> **ABOUT THIS EXERCISE**: Please restate word for word the lines of the entries below from the one with "Lyophilized LEADSPHERE® One-Step" to the one with "Entrance to Gua Cerita", inclusive, and leave out every picture.

Records drawn from a dataset
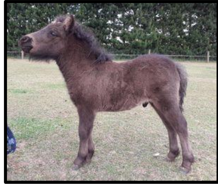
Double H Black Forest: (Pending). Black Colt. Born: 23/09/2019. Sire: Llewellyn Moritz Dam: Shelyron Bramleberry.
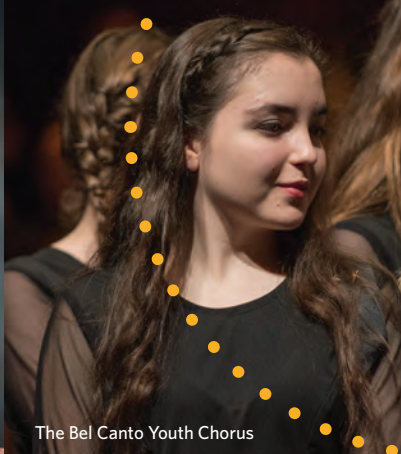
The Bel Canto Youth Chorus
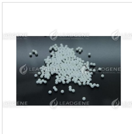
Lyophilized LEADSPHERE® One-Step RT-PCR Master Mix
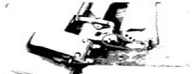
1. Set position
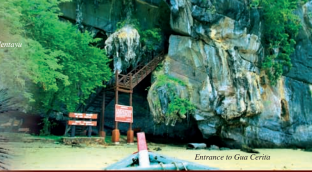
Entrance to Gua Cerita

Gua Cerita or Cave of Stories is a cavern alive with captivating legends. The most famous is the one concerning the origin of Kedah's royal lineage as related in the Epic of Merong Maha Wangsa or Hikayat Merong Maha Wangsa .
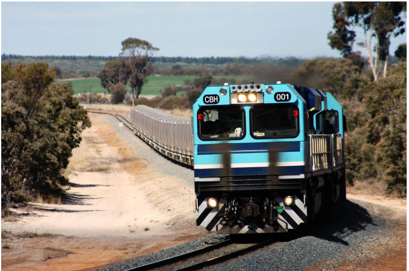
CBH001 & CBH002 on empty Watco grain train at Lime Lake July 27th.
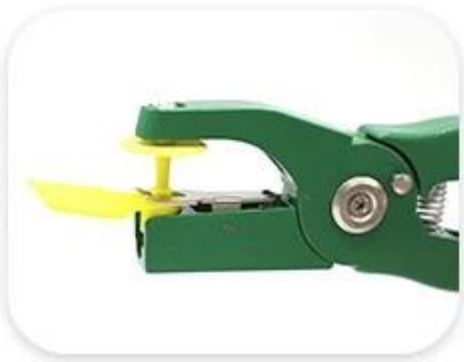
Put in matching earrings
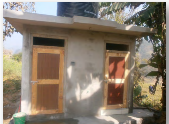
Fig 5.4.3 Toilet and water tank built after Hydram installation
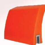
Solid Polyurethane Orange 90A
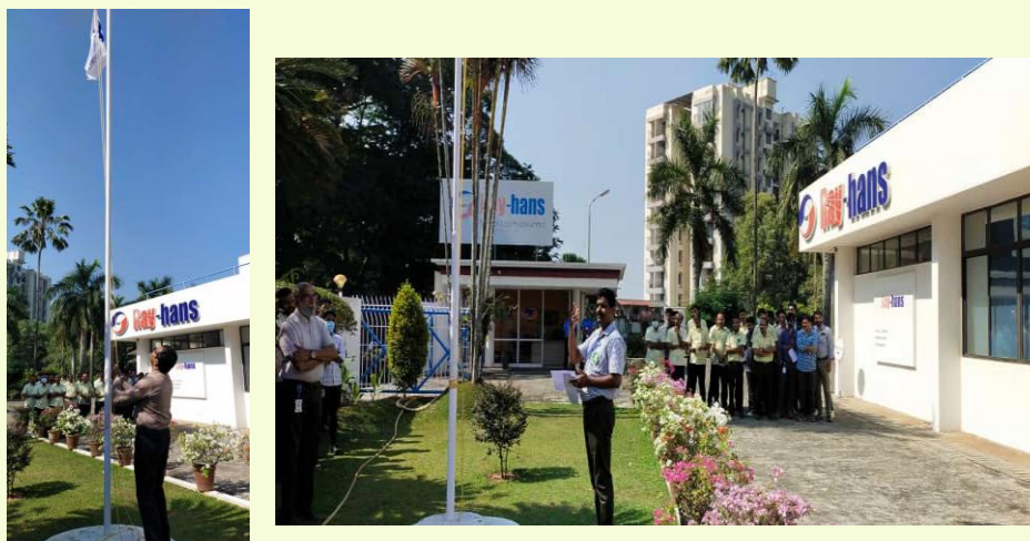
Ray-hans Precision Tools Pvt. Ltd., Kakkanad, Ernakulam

* * *

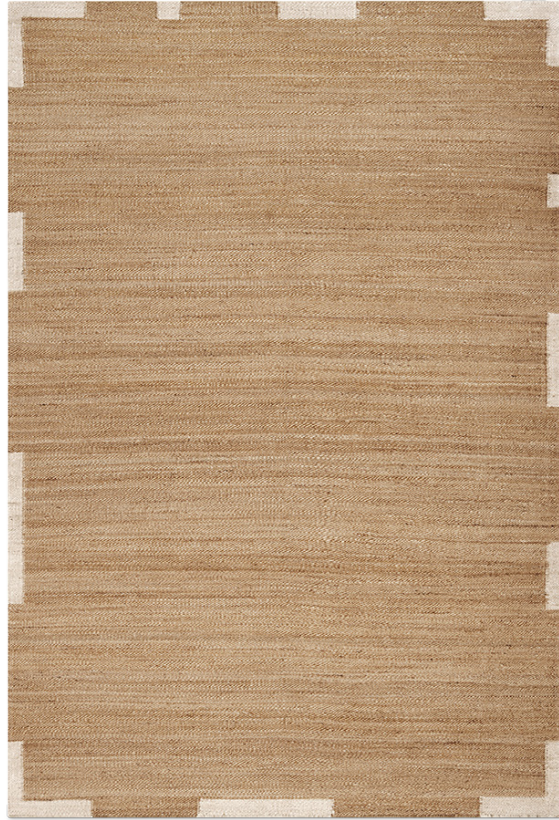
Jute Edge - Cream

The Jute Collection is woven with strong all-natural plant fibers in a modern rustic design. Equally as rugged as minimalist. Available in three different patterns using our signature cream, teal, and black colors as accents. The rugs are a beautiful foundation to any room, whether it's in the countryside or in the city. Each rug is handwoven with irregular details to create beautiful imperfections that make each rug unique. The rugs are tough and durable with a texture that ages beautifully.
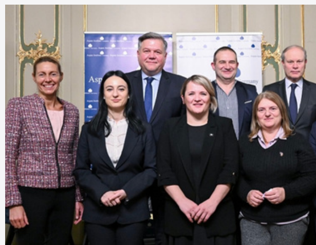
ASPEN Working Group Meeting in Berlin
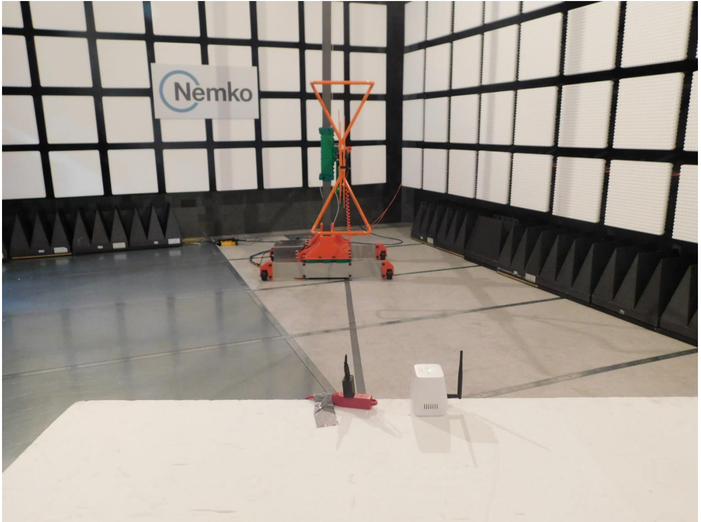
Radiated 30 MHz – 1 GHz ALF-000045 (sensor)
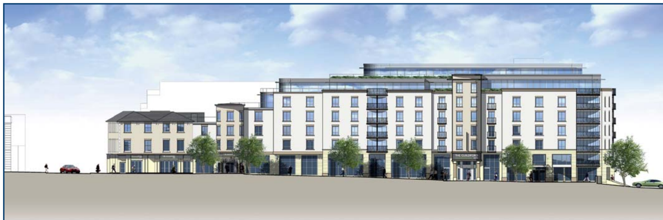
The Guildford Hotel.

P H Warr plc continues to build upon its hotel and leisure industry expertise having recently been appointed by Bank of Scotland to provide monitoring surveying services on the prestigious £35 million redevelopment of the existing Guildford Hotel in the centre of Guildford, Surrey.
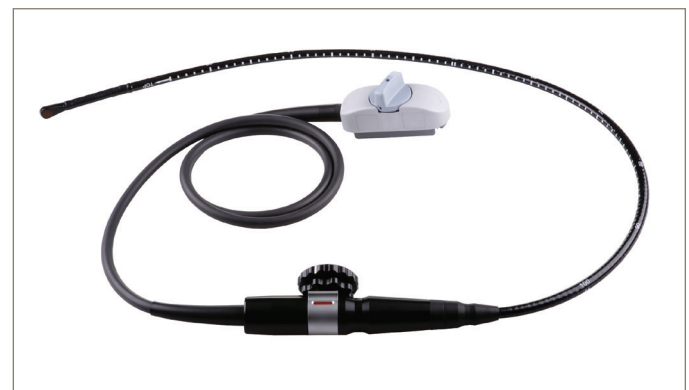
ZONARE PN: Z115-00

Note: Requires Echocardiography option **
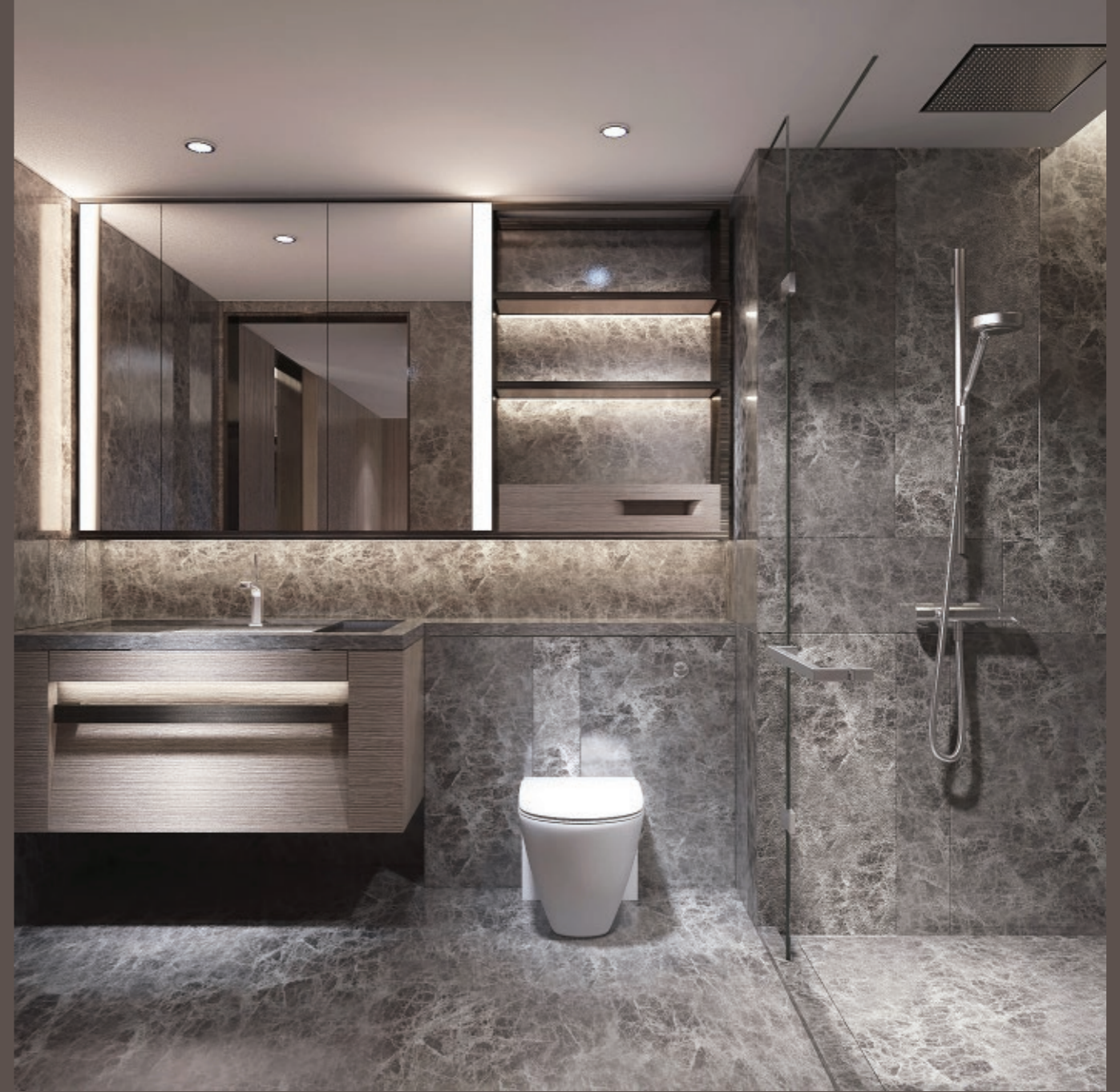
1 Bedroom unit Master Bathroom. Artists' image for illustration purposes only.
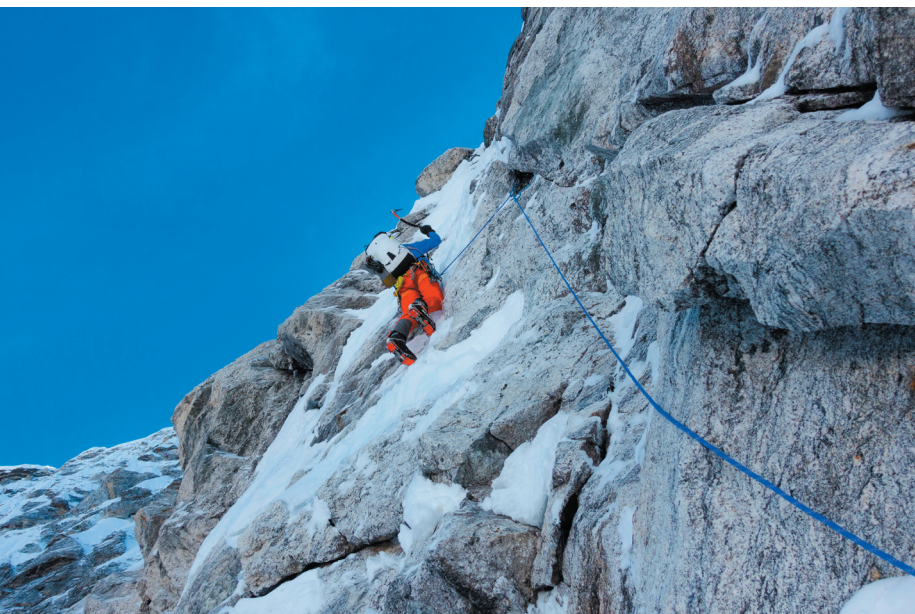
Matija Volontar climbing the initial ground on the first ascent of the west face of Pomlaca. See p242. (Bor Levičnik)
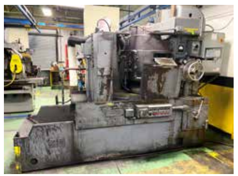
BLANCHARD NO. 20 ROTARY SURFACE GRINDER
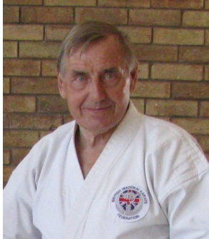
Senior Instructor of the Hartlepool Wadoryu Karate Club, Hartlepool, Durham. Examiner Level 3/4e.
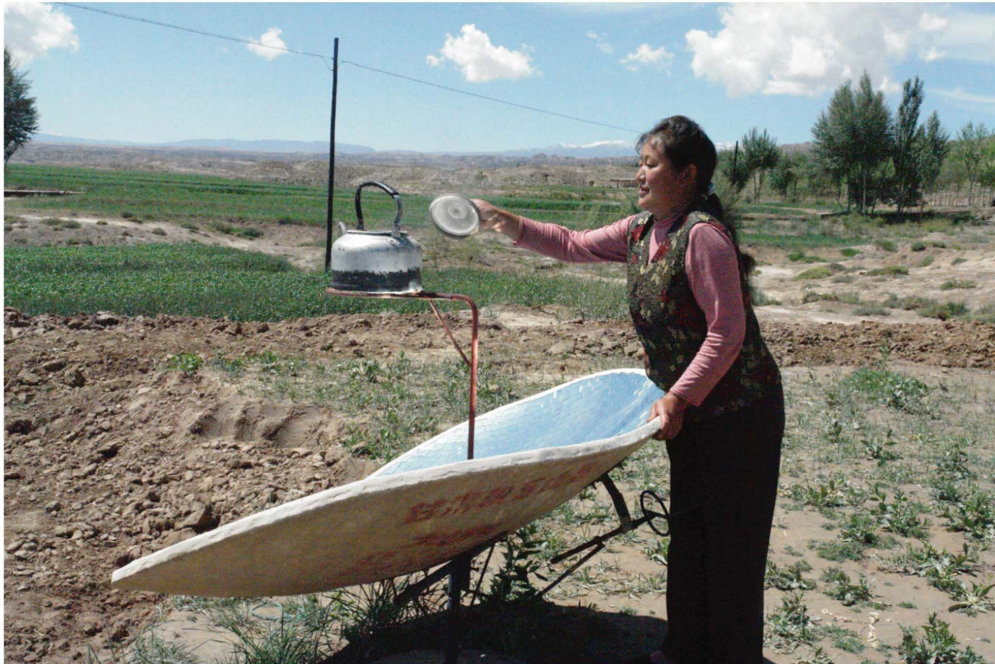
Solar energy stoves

> **ANSWER SECTION**:
Lyophilized LEADSPHERE® One-Step RT-PCR Master Mix
1. Set position
Entrance to Gua Cerita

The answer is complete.